There is no question that I had a physical response to Blue Valentine, but it wasn't sexual arousal. I watched an excruciatingly painful demise of a marriage. I watched a tormented husband trying to connect with his wife physically and emotionally, failing miserably each time. I watched a tormented wife shut herself off from any sexual or emotional connection. So sure, I had a reaction. Blue Valentine made me uncomfortable. I was a voyeur in ways that didn't turn me on, but rather, made me anxious. Blue Valentine forces us to consider our own relationships and the roles we play in them. Cianfrance -- and the brilliant performances by Gosling and Williams -- force us to recognize our own flaws. They show us what it's like to fall passionately and blindly in love and fall as tragically out of it, all the while grasping for some lifeline back to what it once was.
You're probably wondering: What about the sex? I know. I was wondering the same thing. What scene could have been so salacious that it warranted an NC-17? There is sex, including a scene where Ryan Gosling is performing oral sex on Michelle Williams at the beginning of their relationship. Was it consensual? Yes. Was it a glimpse of an incredibly intimate and vulnerable moment for the couple? Yes. But while it's a scene (man performing on woman) that doesn't get portrayed on film very often, and though it's certainly sexual, it is by no means exploitative or gratuitous. And in the most provocative scene the couple doesn't even have sex, because Gosling doesn't want the woman he loves to just lay there "like a body." Don't get me wrong, it's an emotionally brutal scene. But does it warrant the NC-17? No way.

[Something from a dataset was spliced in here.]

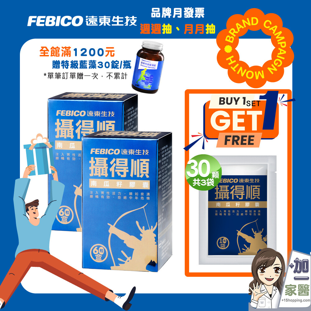 遠東生技 攝得順南瓜籽膠囊 (60粒/瓶)滿額送小藍藻或指定2瓶送體驗包30顆(3袋)

Now brace yourself: Black Swan, Darren Aronofsky's ballet thriller with Natalie Portman, has its own girl on girl oral sex scene and the MPAA rated it (wait for it...) R. Can you smell the hypocrisy?
The lowdown? The MPAA's decision has no merit. And if the hypocrisy doesn't convince you, here's something else.
Saw 3D: chock-full of decapitations, torture, and murder in the most grotesque ways was rated R. For Colored Girls..., an R-rated (for "some disturbing violence") film that I sat and actually paid money to watch, showed a brutal rape, a back alley abortion, and a drunken father murder his children by dropping them out of his apartment window. (That's more than "some" disturbing violence. I screamed and sobbed hysterically.) All of these brutalities (done primarily to women) are apparently fine for children to see with an "adult" in tow, but sex (or as it appears to be, oral sex) within the context of a burgeoning (or failing) relationship is not. This seems like pure misogyny from the MPAA. It's detestable.
And in the end, what's wrong with sex? We are all sexual beings, from birth on. We should want our children to know that sex is a wonderful and pleasurable part of a mature relationship. (That's how I was taught; it's also the same philosophy I use to teach others.)
So while The Weinstein Company petitions the MPAA this week to change their rating, please consider making your voice heard as well. Sign the petition here.
Follow Dr. Logan Levkoff on Twitter: www.twitter.com/LoganLevkoff
When you have a female character getting the same attention from a female lover--Hard "R"!
When you have a Thugee High Priest ripping the living heart out of a victim? PG-13
What is wrong with this picture here?
--RKJ
Nothing.
Religion comes in second. Maybe not even a close second.
Instead they should come up with s system that tells people and parents WHAT THE FILM CONTAINS in easily understood terms and then LET THE MARKET DECIDE.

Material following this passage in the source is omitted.